What to produce =
In your transcription, keep every record exact and leave out the pictures.

Collected data entries =
===============

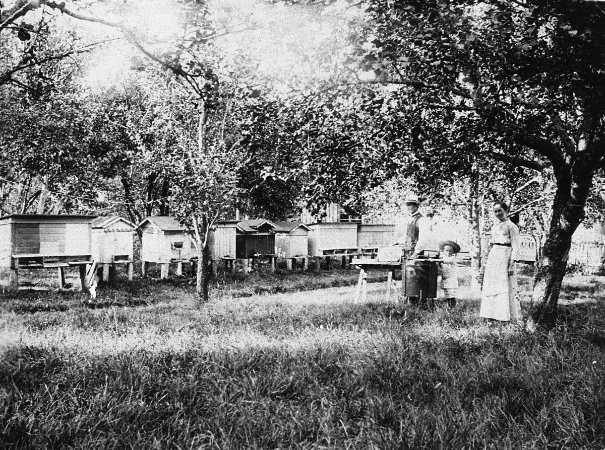 Framför de stora bi-odlingarna vid Heljered Mellangård "Store Börjes" cirka 1912. Familjen Axel Eriksson (1877 - 1958), hustrun Tekla Eriksson (1875 - 1964) och sonen Harry Eriksson (1909 - 1988).
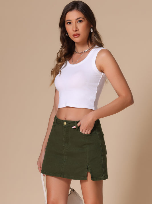 Women's Jean Skorts High Waisted A-Line Stretchy Side Slit Mini Denim Skirt with Shorts
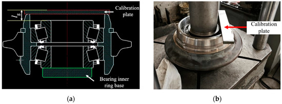 The preload displacement of the bearing is measured using an indirect measurement method, as shown in Figure 16. The distance between the calibration plate and the bearing inner race is measured, and the preload displacement is calculated. An electronic vernier caliper, with a precision of 0.01 mm, is used for distance measurement.
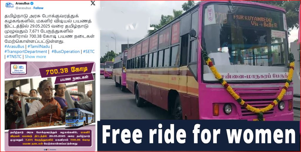 சென்னை: தமிழ்நாடு அரசு பெண்களுக்காக மாநிலம் முழுவதும் இயக்கி வரும் அரசு இலவச  பேருந்துகளில் இதுவரை 700 கோடி பயணங்கள் நடைபெற்றுள்ளது என போக்குவரத்து துறை தெரிவித்து உள்ளது.
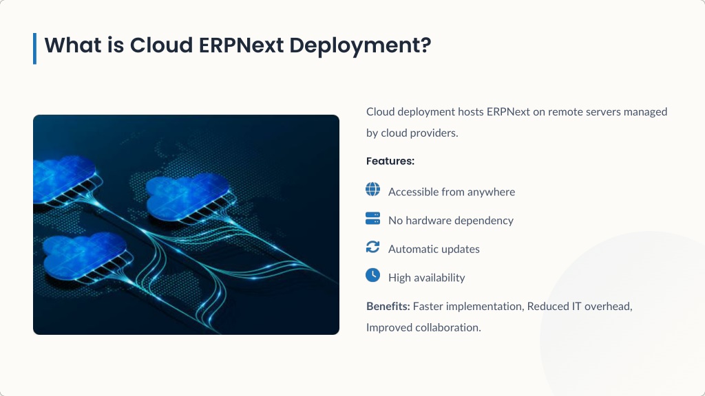 What is Cloud ERPNext Deployment? Cloud deployment hosts ERPNext on remote servers managed by cloud providers. Features: Accessible from anywhere No hardware dependency Automatic updates High availability Benefits: Faster implementation, Reduced IT overhead, Improved collaboration.
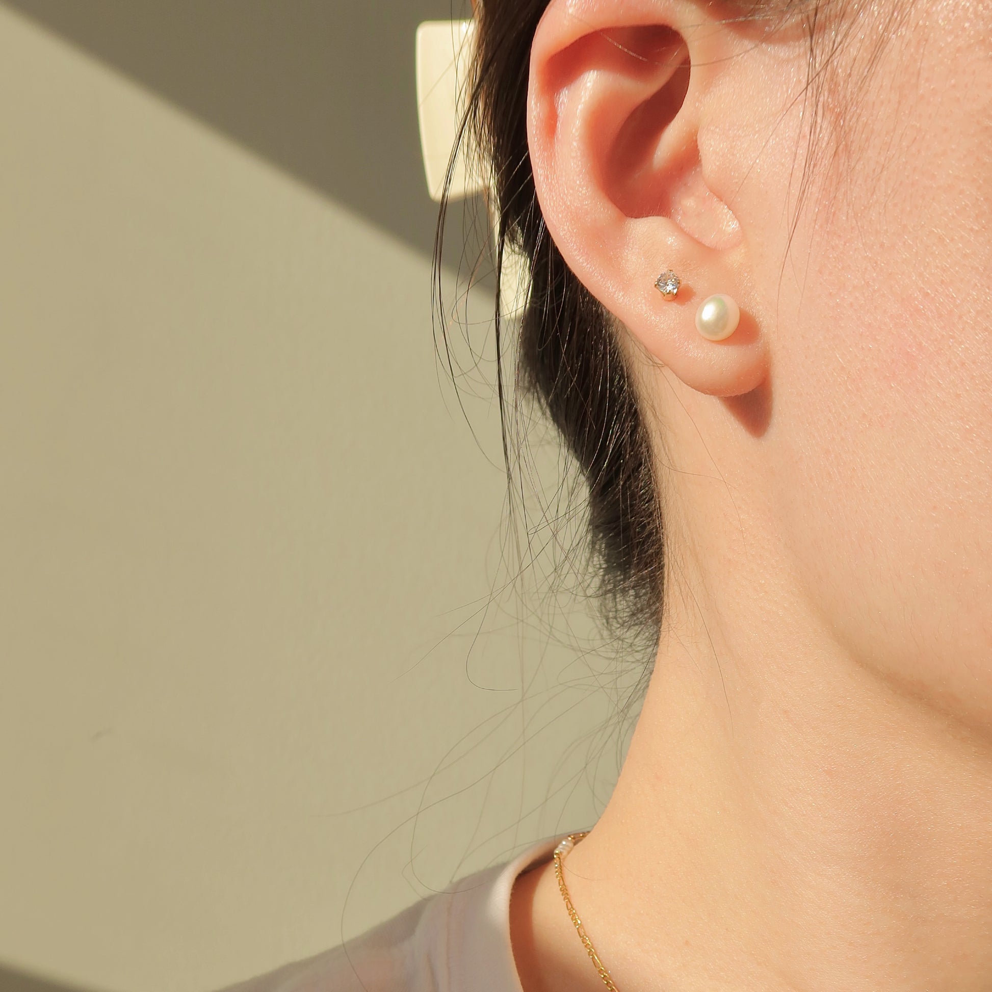 这款耳钉完美搭配您的耳饰。采用方晶锆石和14K镀金耳钉,淋浴时佩戴安全,敏感肌肤也可佩戴。精致小巧,可佩戴于任何耳洞。
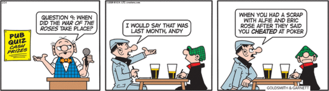 AC: Is Four Roses whiskey sold in England? Because that’s the only War of the Roses I’d expect to be referenced in any pub Andy frequents.
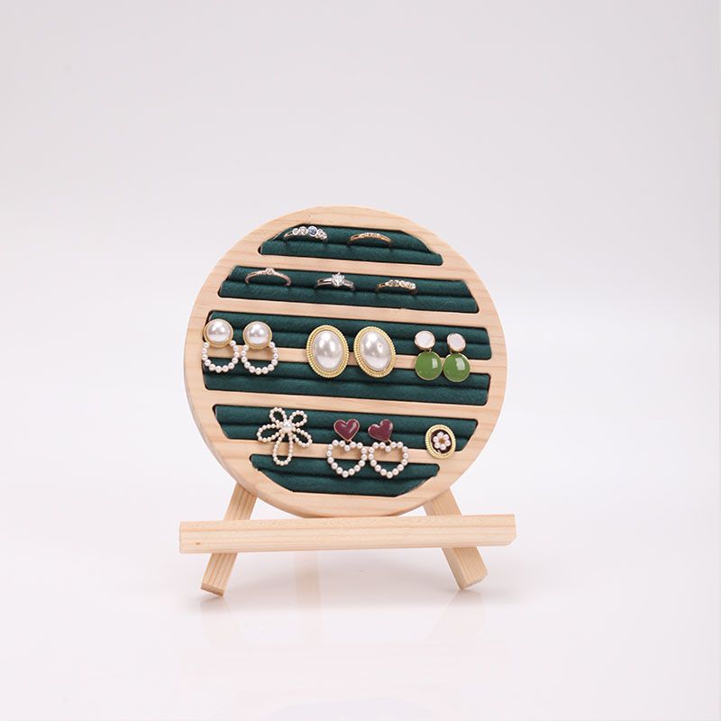 Wood Round Shape Jewelry Tray Ring Earrings Bracelet Display Plate Jewellery Storage Stand Counter Props

===============

Exercise response =
 Framför de stora bi-odlingarna vid Heljered Mellangård "Store Börjes" cirka 1912. Familjen Axel Eriksson (1877 - 1958), hustrun Tekla Eriksson (1875 - 1964) och sonen Harry Eriksson (1909 - 1988).
 Women's Jean Skorts High Waisted A-Line Stretchy Side Slit Mini Denim Skirt with Shorts
 The preload displacement of the bearing is measured using an indirect measurement method, as shown in Figure 16. The distance between the calibration plate and the bearing inner race is measured, and the preload displacement is calculated. An electronic vernier caliper, with a precision of 0.01 mm, is used for distance measurement.
 சென்னை: தமிழ்நாடு அரசு பெண்களுக்காக மாநிலம் முழுவதும் இயக்கி வரும் அரசு இலவச  பேருந்துகளில் இதுவரை 700 கோடி பயணங்கள் நடைபெற்றுள்ளது என போக்குவரத்து துறை தெரிவித்து உள்ளது.
 What is Cloud ERPNext Deployment? Cloud deployment hosts ERPNext on remote servers managed by cloud providers. Features: Accessible from anywhere No hardware dependency Automatic updates High availability Benefits: Faster implementation, Reduced IT overhead, Improved collaboration.
 这款耳钉完美搭配您的耳饰。采用方晶锆石和14K镀金耳钉,淋浴时佩戴安全,敏感肌肤也可佩戴。精致小巧,可佩戴于任何耳洞。
 AC: Is Four Roses whiskey sold in England? Because that’s the only War of the Roses I’d expect to be referenced in any pub Andy frequents.
 Wood Round Shape Jewelry Tray Ring Earrings Bracelet Display Plate Jewellery Storage Stand Counter Props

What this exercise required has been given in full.